• _TASK_: Write the listing out again word for word, leaving each picture behind.

• _RAW DATA_:
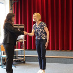 Danach beleuchtete die Dezernentin der Landesschulbehörde, Evelyn De Vries, wichtige Stationen aus dem Leben der neuen Schulleiterin, referenzierte diese mit ihrem neuen Amt und wünschte für die heutige Feierlichkeit starke Gegenwartspräsenz.
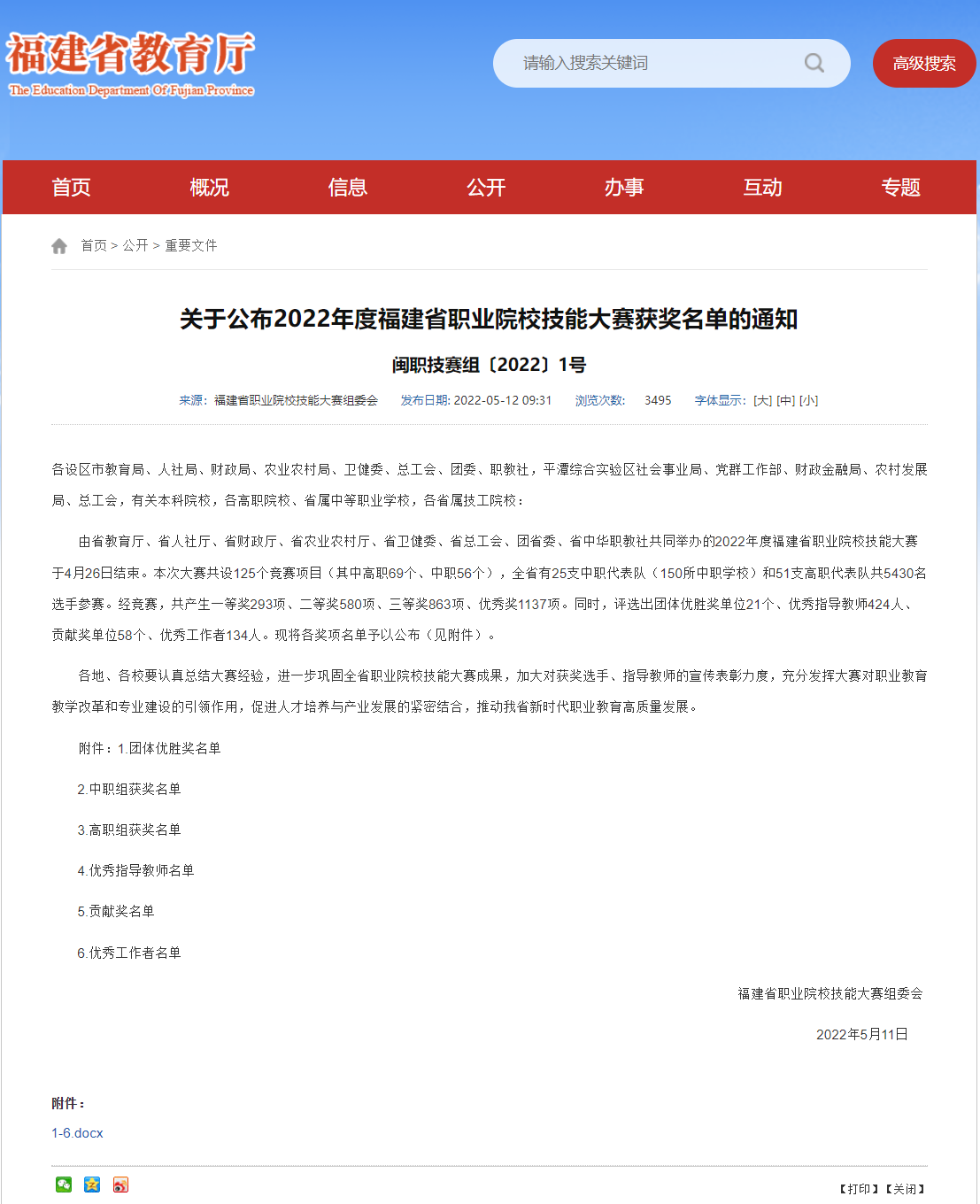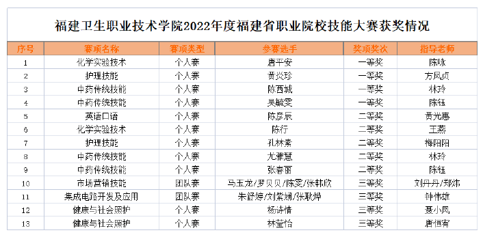 2022年度福建省職業(yè)院校技能大賽已落下帷幕。根據(jù)福建省職業(yè)院校技能大賽組委會(huì)《關(guān)于公布2022年度福建省職業(yè)院校技能大賽獲獎(jiǎng)名單的通知》,本次大賽中,我校選手奮勇拼搏,共取得一等獎(jiǎng)4項(xiàng),二等獎(jiǎng)5項(xiàng),三等獎(jiǎng)4項(xiàng)的好成績(jī)。
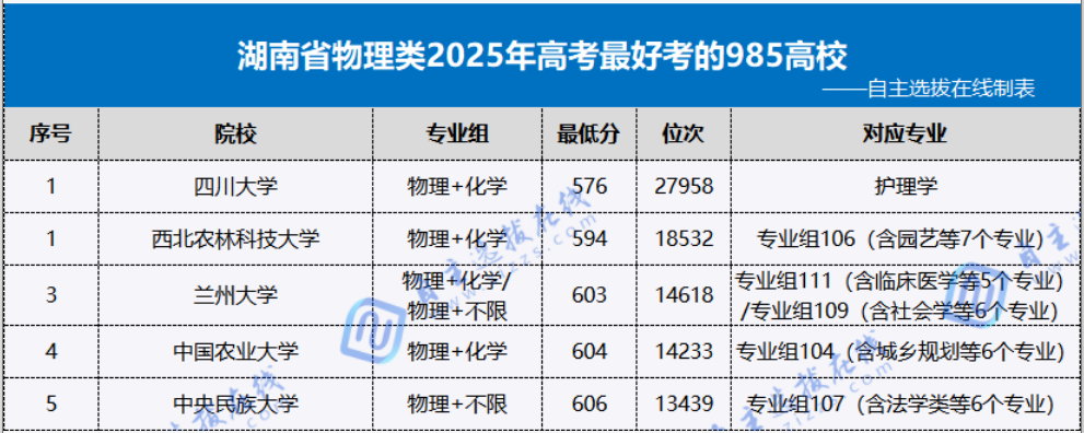 湖南省物理类考生最好考的5所985高校分别为四川大学、西北农林科技大学、兰州大学、中国农业大学、中央民族大学。观察2025年各高校在湖南的录取情况,位次28000左右的考生都有机会考上985高校!
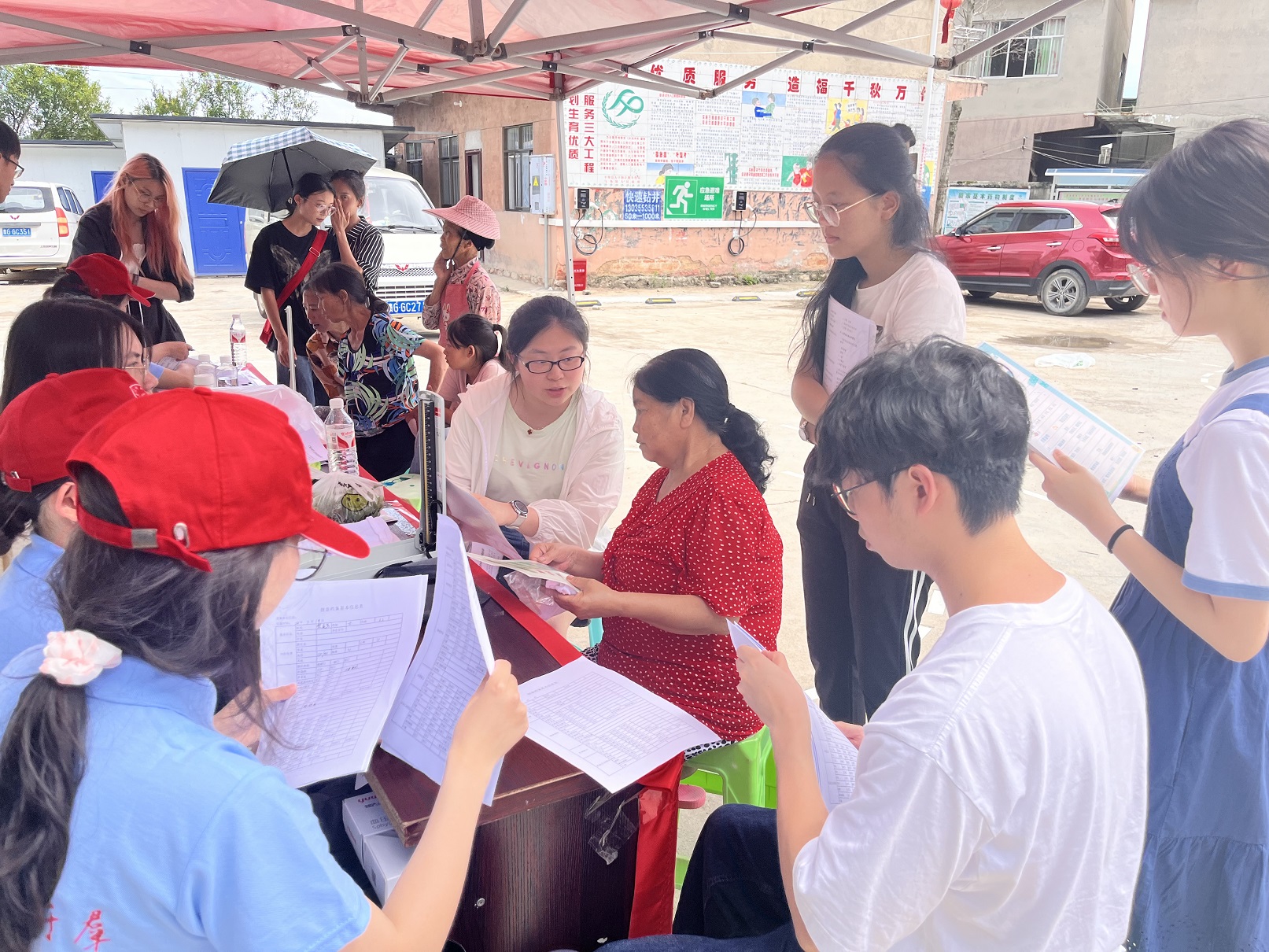 实践队在嘉禾村开展了医疗科普活动,面向当地村民进行健康知识宣讲和义诊服务。队员们协助老人们填写健康档案、量血压;讲解高血压、糖尿病等多种慢性疾病相关的知识和常用药品的使用方法;并将提前准备好的生活用品、医疗保健科普手册、营养膳食宣传单分发给村民们。村民们对本次义诊活动赞不绝口,夸赞青年一代有担当,有爱心。

• _TASK SOLUTION_:
 Danach beleuchtete die Dezernentin der Landesschulbehörde, Evelyn De Vries, wichtige Stationen aus dem Leben der neuen Schulleiterin, referenzierte diese mit ihrem neuen Amt und wünschte für die heutige Feierlichkeit starke Gegenwartspräsenz.
 2022年度福建省職業(yè)院校技能大賽已落下帷幕。根據(jù)福建省職業(yè)院校技能大賽組委會(huì)《關(guān)于公布2022年度福建省職業(yè)院校技能大賽獲獎(jiǎng)名單的通知》,本次大賽中,我校選手奮勇拼搏,共取得一等獎(jiǎng)4項(xiàng),二等獎(jiǎng)5項(xiàng),三等獎(jiǎng)4項(xiàng)的好成績(jī)。
 湖南省物理类考生最好考的5所985高校分别为四川大学、西北农林科技大学、兰州大学、中国农业大学、中央民族大学。观察2025年各高校在湖南的录取情况,位次28000左右的考生都有机会考上985高校!
 实践队在嘉禾村开展了医疗科普活动,面向当地村民进行健康知识宣讲和义诊服务。队员们协助老人们填写健康档案、量血压;讲解高血压、糖尿病等多种慢性疾病相关的知识和常用药品的使用方法;并将提前准备好的生活用品、医疗保健科普手册、营养膳食宣传单分发给村民们。村民们对本次义诊活动赞不绝口,夸赞青年一代有担当,有爱心。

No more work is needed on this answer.